The other piece is you’re seeing customers convert from lit solutions to dark fiber solutions, so although there was a stepped out on a per circuit basis when you go from a lit solution to a dark fiber solution. The work actually prefer that because then the customer is treating a five year term for most cases a 10, 20 year term.
So, when you look at the incremental total contract value that you’re going to get off the renewal where they’re converting from lit to dark, that more than offsets the step down, and the MLR that when they’re going from the services. So, again, short-term impact on churn, but a long-term positive from a from a total contract value.
And so — and then we’ve had some first generation re-rate churn as well where again sites will order five seven years ago, when we have that first generation of re-rate, it usually a significant step down.
So, those are things that have impacted our growth rates, historically plus, with just with the — with some of the overhangs — other overhangs that happened with Windstream and such, that can play into it, as well.
So, I think going forward, we still want to target that 8% and we think that’s achievable, there’s a pathway to get that 8% through our lease up strategy now that we’ve finished most of these anchor builds, our focus now turns to leasing up those leveraging that existing network and driving those high incremental returns with high margin business.
Got it. I got last 30 seconds I wanted to speak in a dividend policy question. You previously noted that the dividend could return to normalized levels following the Windstream bankruptcy. But, how should we think about that? You guys have always been high dividend payers, higher than the allowable lead levels, part of the reason to keep your stock strong for maybe equitizing deals. How should I think about the dividend policy once Windstream emerges some bankruptcy and then in 2021 and beyond?

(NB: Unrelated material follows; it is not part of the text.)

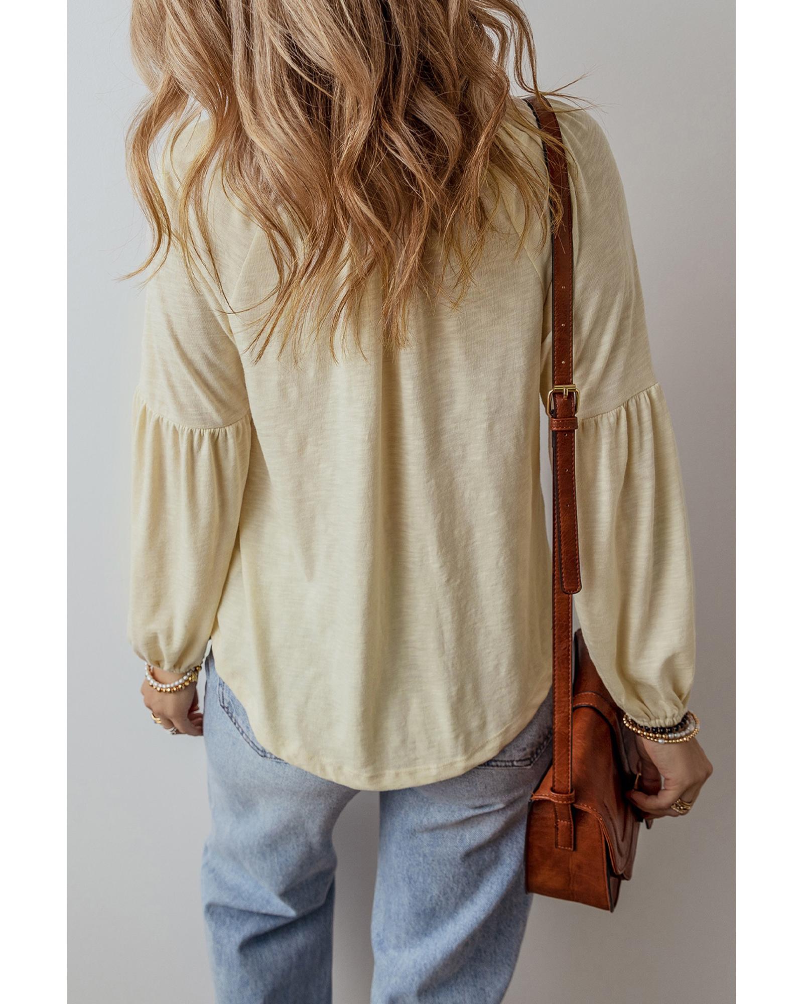 Beau Blue Floral Embroidered Puff Sleeve Split Neck Blouse - XL

Yes. So, as you know we’re still under the restrictions under our credit agreement that we can only pay out 90% of taxable income. I think it’s reasonable to assume that once we’re outside of those restrictions, which could happen as early as this year, maybe — I’m sorry later part of this year or early part of next year. I think it’s reasonable to assume that we’d want to pay out at least 100% of taxable income. I think it’s reasonable to assume that we want to be able to pay out any capital gains that we might generate on our future transactions.
Beyond that, I probably can’t kind of say too much. It would be kind of, the board hasn’t made any decisions as to what your dividend policy will be. But I would say, I do think there’s a couple important things we certainly would be looking at: peer groups within the communication infrastructure space, both in terms of yield, both in terms of payout ratio.
I think for us it’s important to set it appropriately so that it can grow as AFFO grows, and as we continue to grow the company. And also I think it’s important that we know that we set it at a level that is also sustainable over time, so that people have certainty of the pivot stream [ph], as well as have a growth component [indiscernible] as well.
All right. We went a little bit over, but it’s a great chat. I hope to see you guys in person next time, and for everybody listening on the call, as well as Mark and Bill, thank you and be safe and you all have a great weekend.
All right. Good to see you. Thank you very much.